Its little-known international development arm has picked up £15.5 million in EU grants since 2007, cash that boosts BBC’s global brand and helps employ hundreds of staff in London and overseas.
The money has been handed to the BBC World Service Trust, a charity set up to run the corporation’s massive overseas aid operation.
BBC-backed projects funded by the grants include a £2.3 million EU handout to “assist the digital switchover in Serbia” last year.
One particularly obscure project was “unblocking the cocoa value chain in Eastern Sierra Leone”.
The European Commission said: “Through this programme we plan to reach 14,000 farmers and potential farmers increasing their knowledge on cocoa farming and the cocoa sector.”
The charity is described in job adverts as the corporation’s “international development agency”.

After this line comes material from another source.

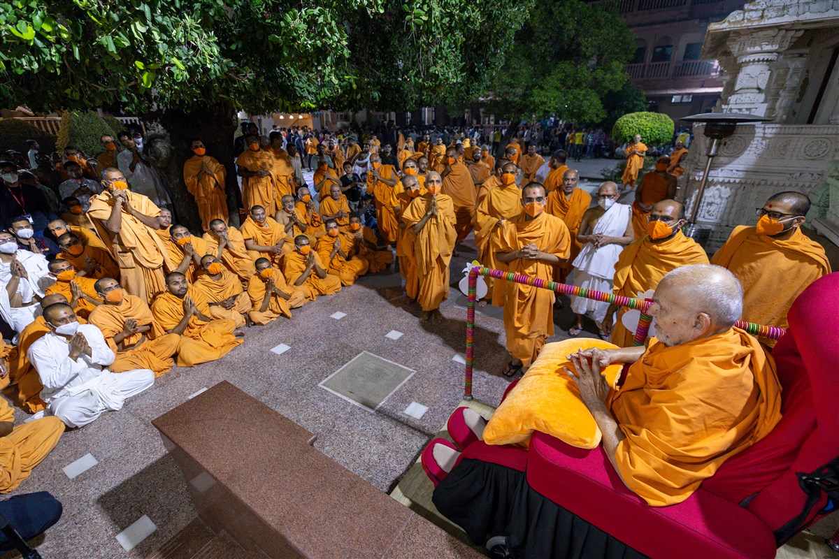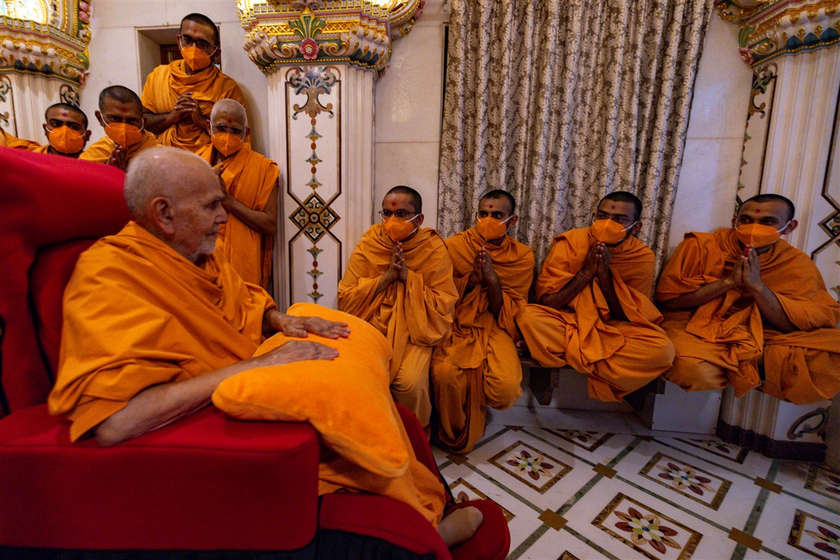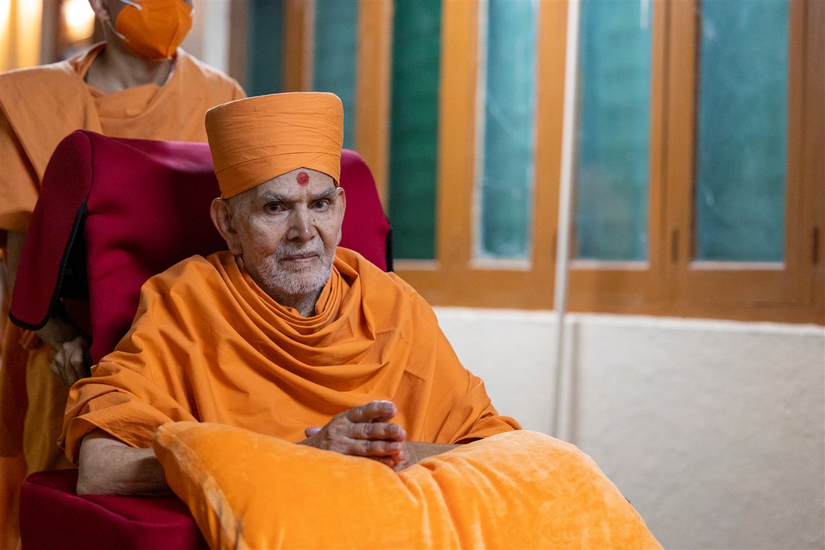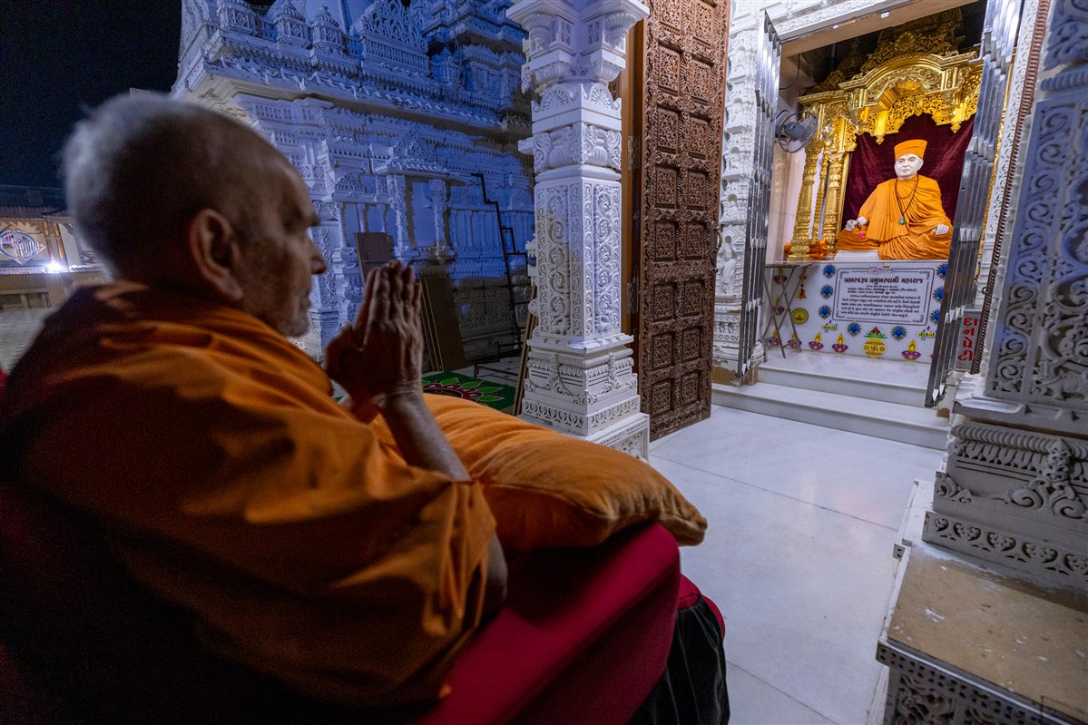 Swamishri engrossed in darshan of Brahmaswarup Pramukh Swami Maharaj

Although part of the BBC empire, it says it is independent, even of the World Service, and its remit is to promote journalism, human rights and education around the world. It plans to change its name by next April but, using the BBC World Service brand, it has delved into controversial subjects, such as using environmentalist Jonathon Porritt to promote climate change theories as unchallenged fact.
Despite cuts elsewhere, the charity has ballooned in size since it was established in 1999. With an annual budget of £28million it employs 600 staff and even owns a broadcasting company in Iraq, although few details of what it does have been disclosed.

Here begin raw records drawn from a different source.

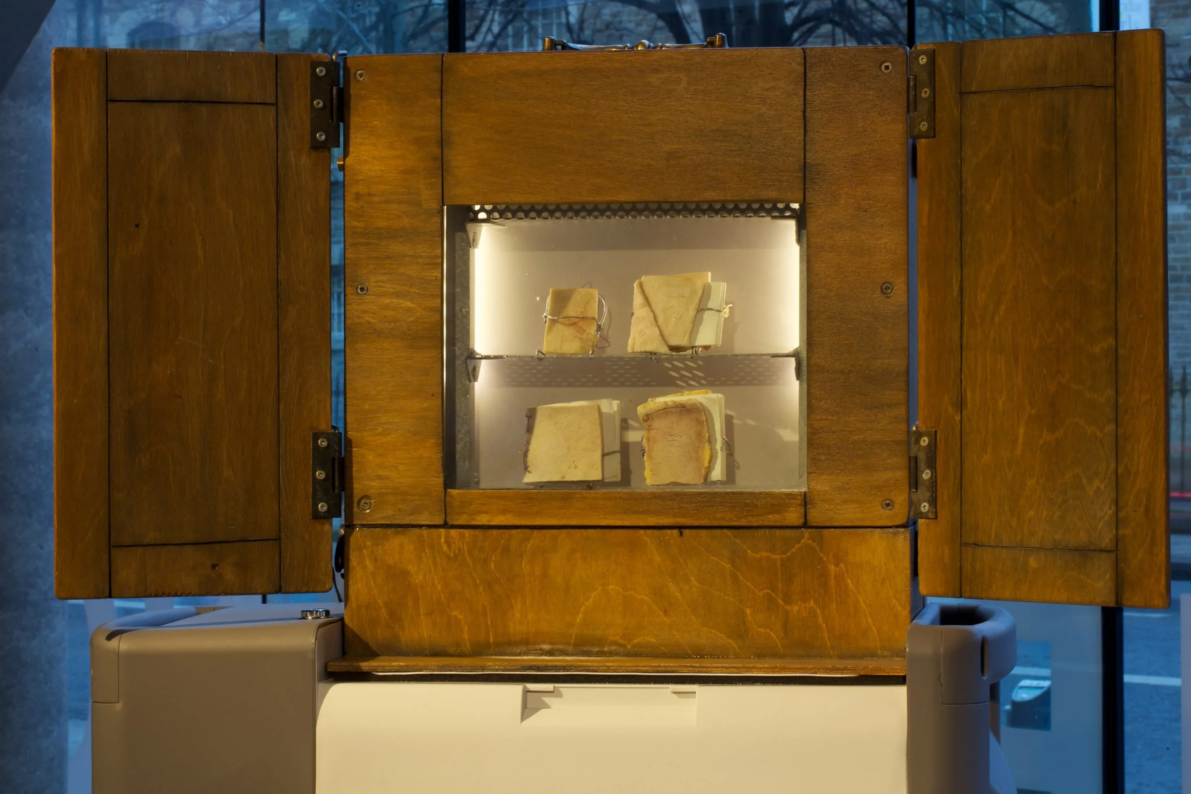The cryounit allows for the books to be mobile and portable so that they may be taken outside for a walk, shown to friends, neighbors and strangers outside of the context of the gallery, the library and science lab. This mobility is intended to visually highlight the deeply embedded and often hidden relationship between viral tissues and the information economy.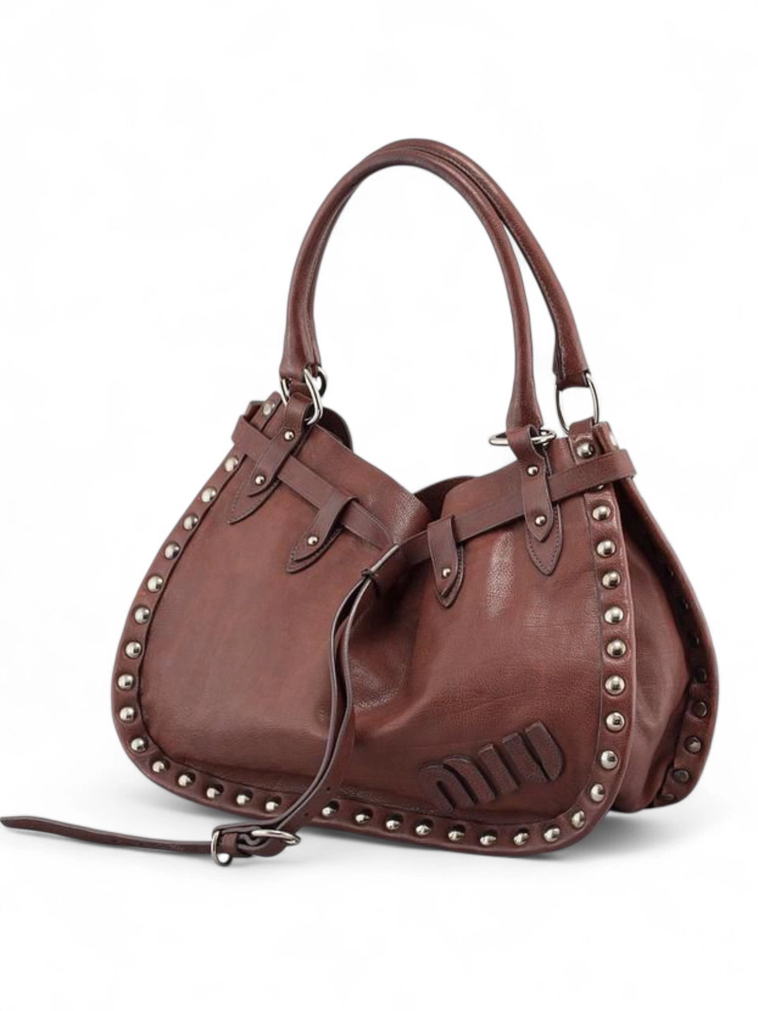 Miu Miu Brown Leather Studded Bag , size 38*24
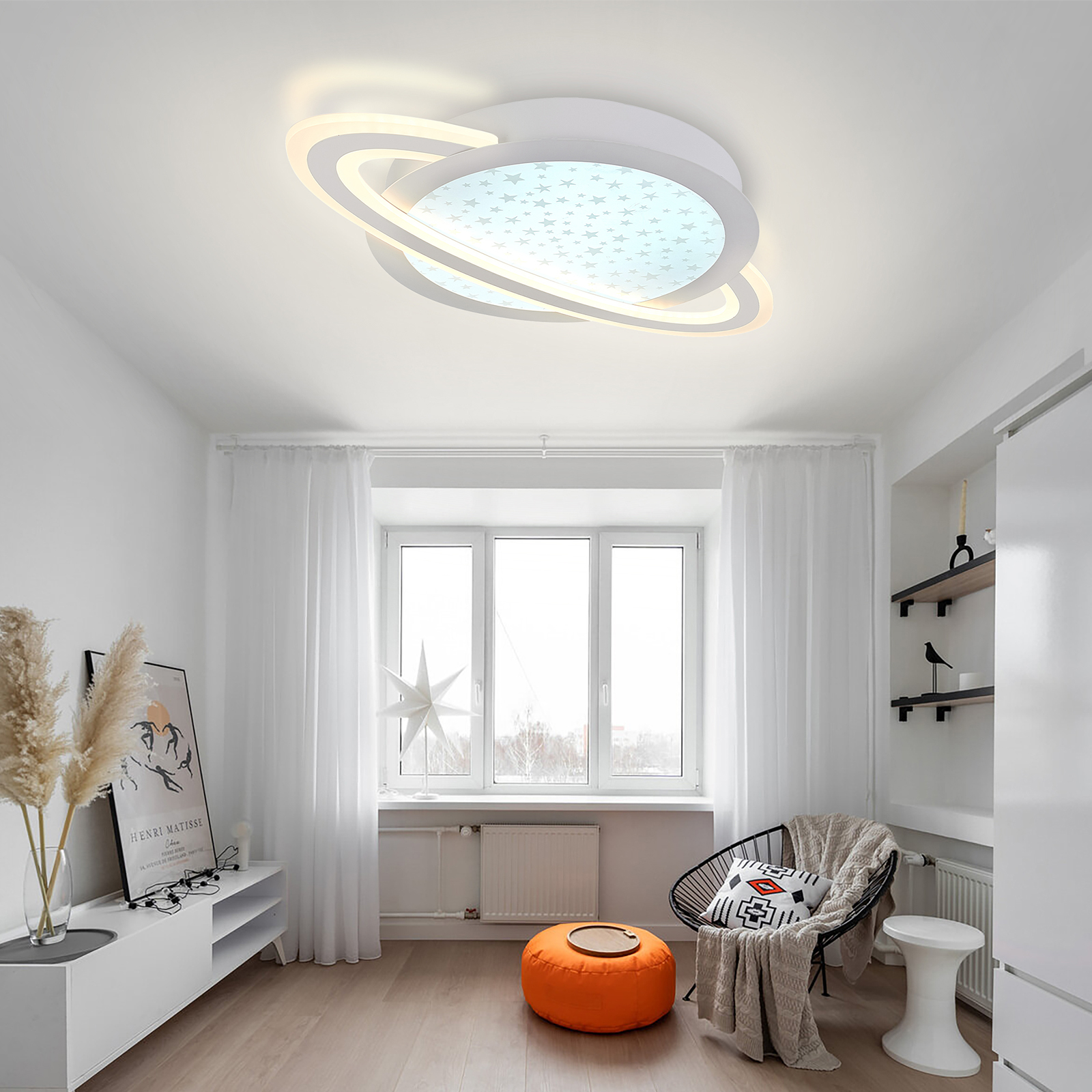 Люстра оснащена светодиодными лампами, что обеспечивает высокую энергоэффективность и долговечность. Общая мощность 80W со световым потоком 4800 lm позволяет осветить до 15 кв.м. Благодаря пульту дистанционного управления, вы можете легко регулировать яркость света, а также выбирать желаемый цвет освещения (теплый, холодный, нейтральный), создавая идеальную атмосферу в любой комнате.

The fact that the Trust is helping with EU projects has raised serious questions over BBC impartiality.
Ukip deputy leader and MEP Paul Nuttall said last night: “By accepting money from the EU in any way, the BBC compromises its neutrality on the most important issue facing this country: our membership of that organisation.”
A BBC spokesman said: “To conflate the work of the BBC World Service Trust and the BBC’s coverage of the EU in this way is completely absurd .”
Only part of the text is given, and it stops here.